Pastor's Desk: Third Sunday of Lent
It is hard to believe that the Ten Commandments were written some 3,500 years ago. Moses received the two tablets of stone which bore the Commandments from God and they have been the foundation of civilised society for Jews and Christians ever since. The beauty of the Commandments is their simplicity. In a clear way they emphasise the centrality of God in the lives of all who follow them and then they tell us to think of others and their needs rather than to suit ourselves.
Secular society today denies there is a supreme being such as God at all and therefore each person centres themselves not on God, but on themselves. What is good or bad is no longer decided externally but by how “I” feel about it. Likewise how I treat others is no longer dictated by morals agreed by all but by me and my happiness. The name given to this kind of thinking is “relativism” and it is something Pope Benedict has spoken about at length. Good and bad, right and wrong, are decided by how it is experienced relative to each individual, not by a moral code external to the individual.

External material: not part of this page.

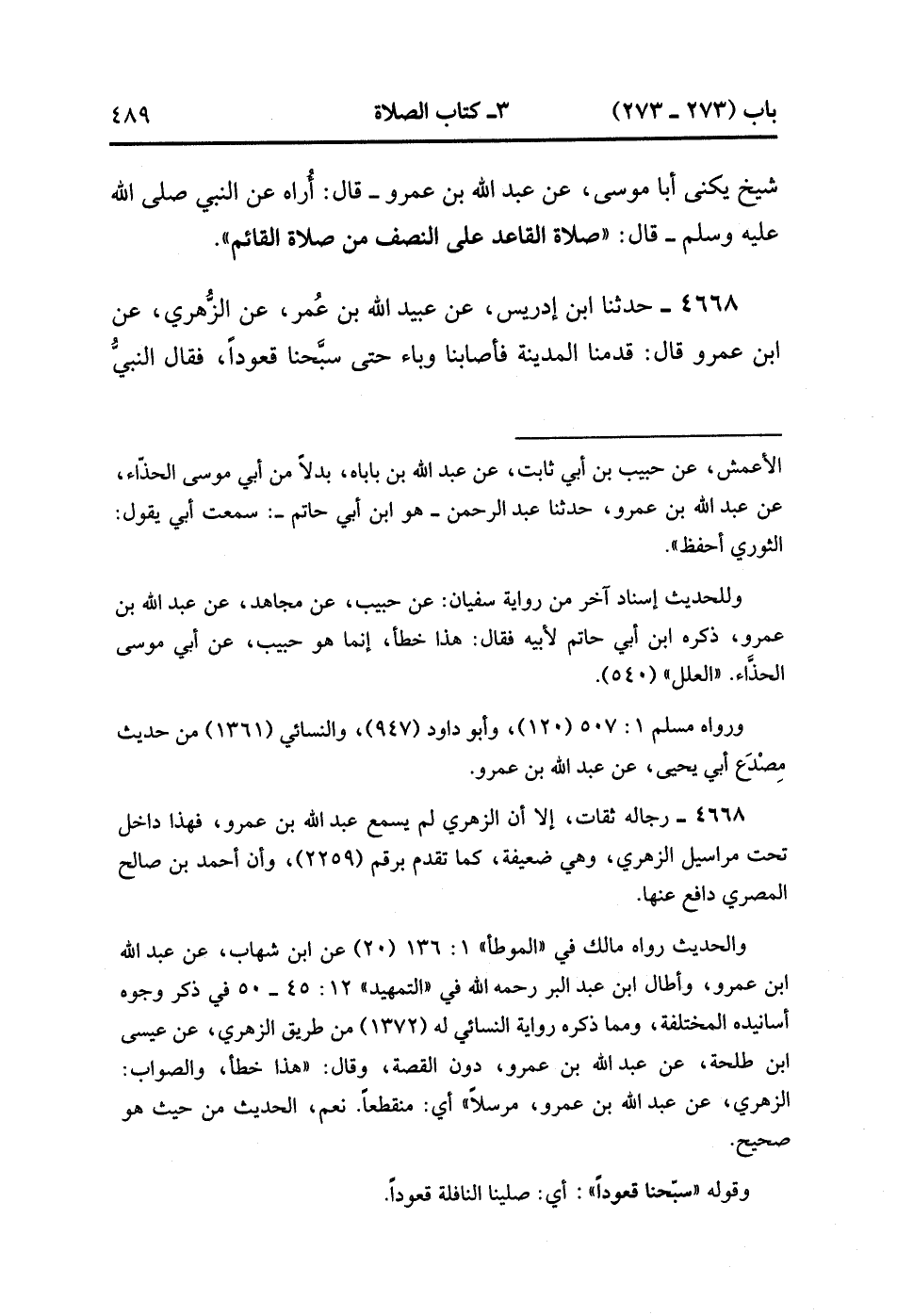 4668- حَدَّثَنَا ابْنُ إدْرِيسَ ، عَنْ عُبَيْدِ اللهِ بْنِ عُمَرَ ، عَنِ الزُّهْرِيِّ ، عَنِ ابْنِ عَمْرو ، قَالَ : قَدِمْنَا الْمَدِينَةَ فَأَصَابَنَا وَبَاءٌ حَتَّى سَبَّحْنَا قُعُودًا ، فَقَالَ النَّبِيُّ صَلَّى الله عَلَيْهِ وَسَلَّمَ : صَلاَةُ الْقَاعِدِ عَلَى النِّصْفِ مِنْ صَلاَةِ الْقَائِمِ. (2/52).

The Ten Commandments are still the best moral code for Christian living and, as we examine our conscience this Lent, we should use them as a ruler to see how we measure up.

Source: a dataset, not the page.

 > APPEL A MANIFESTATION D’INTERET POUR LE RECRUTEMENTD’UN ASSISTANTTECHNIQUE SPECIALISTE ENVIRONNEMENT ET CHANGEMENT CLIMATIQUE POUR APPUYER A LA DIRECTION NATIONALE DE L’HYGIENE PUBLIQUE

The Lenten Talks are being enjoyed very much by those who have attended them and the third of our series next Wednesday is with the well-known journalist and TV commentator, David Quinn. We are very privileged that our speakers have made themselves available to present their ideas to us. David will speak on a topic that is very much in the newspapers and on TV programmes at the moment, “the role and contribution of the church to society”. Do make sure to support the talks with your presence.